Due to Meilisearch allowing malformed _geo fields in the following versions (v0.27, v0.28 and v0.29), please ensure the _geo field follows the correct format.
To start filtering documents based on their geographic location, you must make sure they contain a valid _geo or _geojson field. If you also want to sort documents geogeraphically, they must have a valid _geo field. _geo and _geojson are reserved fields. If you include one of them in your documents, Meilisearch expects its value to conform to a specific format. When using JSON and NDJSON, _geo must contain an object with two keys: lat and lng. Both fields must contain either a floating point number or a string indicating, respectively, latitude and longitude:
{

  "_geo": {
    "lat": 0.0,
    "lng": "0.0"
  }
}
_geojson must be an object whose contents follow the GeoJSON specification:
{

  "_geojson": {
    "type": "Feature",
    "geometry": {
      "type": "Point",
      "coordinates": [0.0, 0.0]
    }
  }
}
Meilisearch does not support transmeridian shapes. If your document includes a transmeridian shape, split it into two separate shapes grouped as a MultiPolygon or MultiLine. Transmeridian shapes are polygons or lines that cross the 180th meridian. Meilisearch does not support polygons with holes. If your polygon consists of an external ring and an inner empty space, Meilisearch ignores the hole and treats the polygon as a solid shape.

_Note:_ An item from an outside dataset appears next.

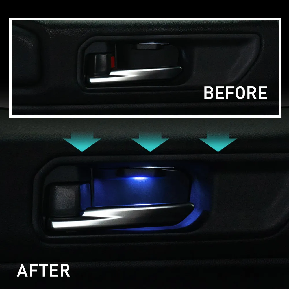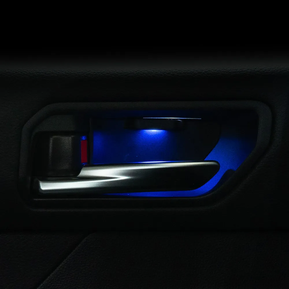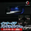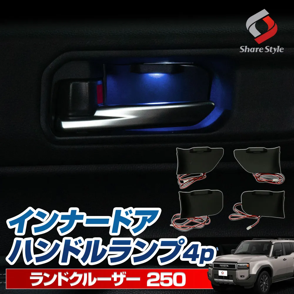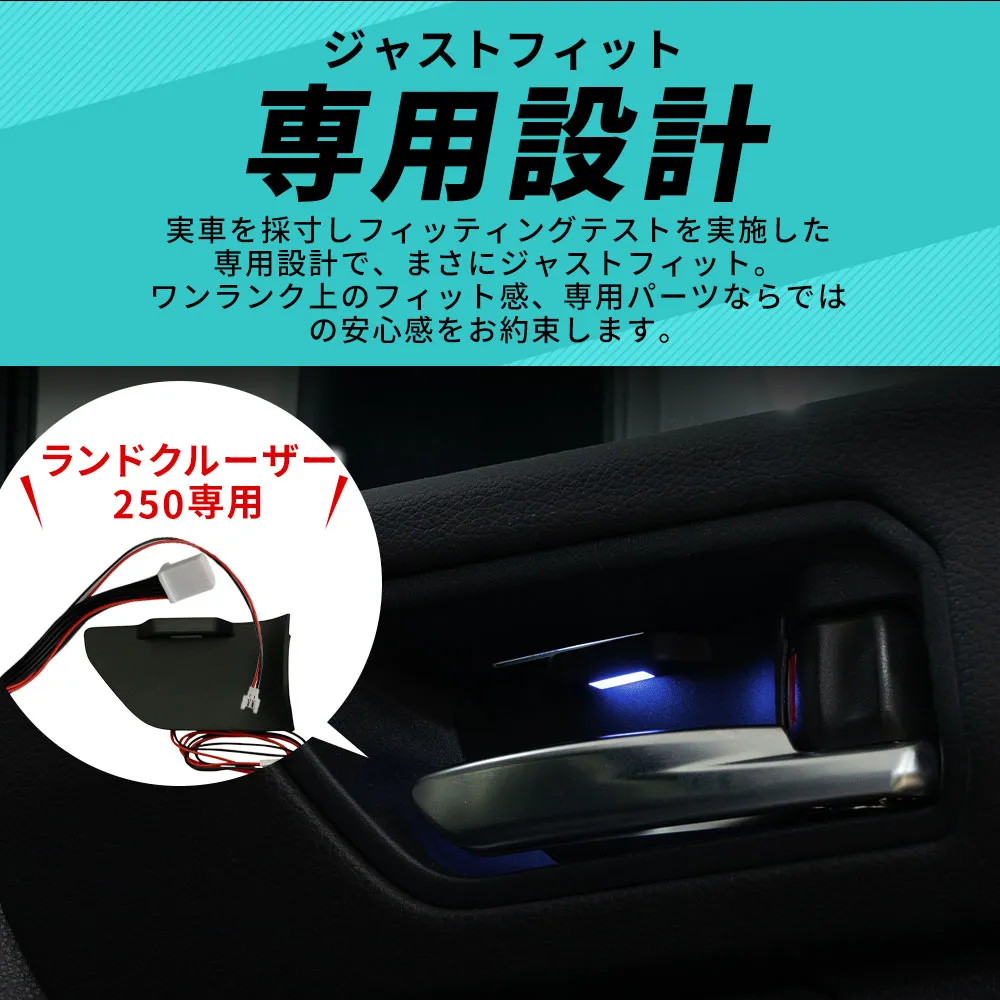 ランクル 250 インナードアハンドルランプは、トヨタ ランドクルーザー専用に設計されたカスタムパーツです。青色LEDがドアノブ周辺を美しく照らし、車内の雰囲気を一層引き立てます。専用設計により、フィッティングも完璧で、取り付けも簡単です。インテリアのドレスアップに最適なこのアクセサリーは、車内をスタイリッシュに演出します。

Using _geo and _geojson together

If your application requires both sorting by distance to a point and filtering by shapes other than a circle or a rectangle, you will need to add both _geo and _geojson to your documents.When handling documents with both fields, Meilisearch:
  • Ignores _geojson values when sorting
  • Ignores _geo values when filtering with _geoPolygon
  • Matches both _geo and _geojson values when filtering with _geoRadius and _geoBoundingBox

Examples

Suppose we have a JSON array containing a few restaurants:
[
  {
    "id": 1,
    "name": "Nàpiz' Milano",
    "address": "Viale Vittorio Veneto, 30, 20124, Milan, Italy",
    "type": "pizza",
    "rating": 9
  },
  {
    "id": 2,
    "name": "Bouillon Pigalle",
    "address": "22 Bd de Clichy, 75018 Paris, France",
    "type": "french",
    "rating": 8
  },
  {
    "id": 3,
    "name": "Artico Gelateria Tradizionale",
    "address": "Via Dogana, 1, 20123 Milan, Italy",
    "type": "ice cream",
    "rating": 10
  }
]
Our restaurant dataset looks like this once we add _geo data:
[
  {
    "id": 1,
    "name": "Nàpiz' Milano",
    "address": "Viale Vittorio Veneto, 30, 20124, Milan, Italy",
    "type": "pizza",
    "rating": 9,
    "_geo": {
      "lat": 45.4777599,
      "lng": 9.1967508
    }
  },
  {
    "id": 2,
    "name": "Bouillon Pigalle",
    "address": "22 Bd de Clichy, 75018 Paris, France",
    "type": "french",
    "rating": 8,
    "_geo": {
      "lat": 48.8826517,
      "lng": 2.3352748
    }
  },
  {
    "id": 3,
    "name": "Artico Gelateria Tradizionale",
    "address": "Via Dogana, 1, 20123 Milan, Italy",
    "type": "ice cream",
    "rating": 10,
    "_geo": {
      "lat": 45.4632046,
      "lng": 9.1719421
    }
  }
]
Trying to index a dataset with one or more documents containing badly formatted _geo values will cause Meilisearch to throw an invalid_document_geo_field error. In this case, the update will fail and no documents will be added or modified.

Using _geo with CSV

If your dataset is formatted as CSV, the file header must have a _geo column. Each row in the dataset must then contain a column with a comma-separated string indicating latitude and longitude:
"id:number","name:string","address:string","type:string","rating:number","_geo:string"
"1","Nàpiz Milano","Viale Vittorio Veneto, 30, 20124, Milan, Italy","pizzeria",9,"45.4777599,9.1967508"
"2","Bouillon Pigalle","22 Bd de Clichy, 75018 Paris, France","french",8,"48.8826517,2.3352748"
"3","Artico Gelateria Tradizionale","Via Dogana, 1, 20123 Milan, Italy","ice cream",10,"48.8826517,2.3352748"
CSV files do not support the _geojson attribute.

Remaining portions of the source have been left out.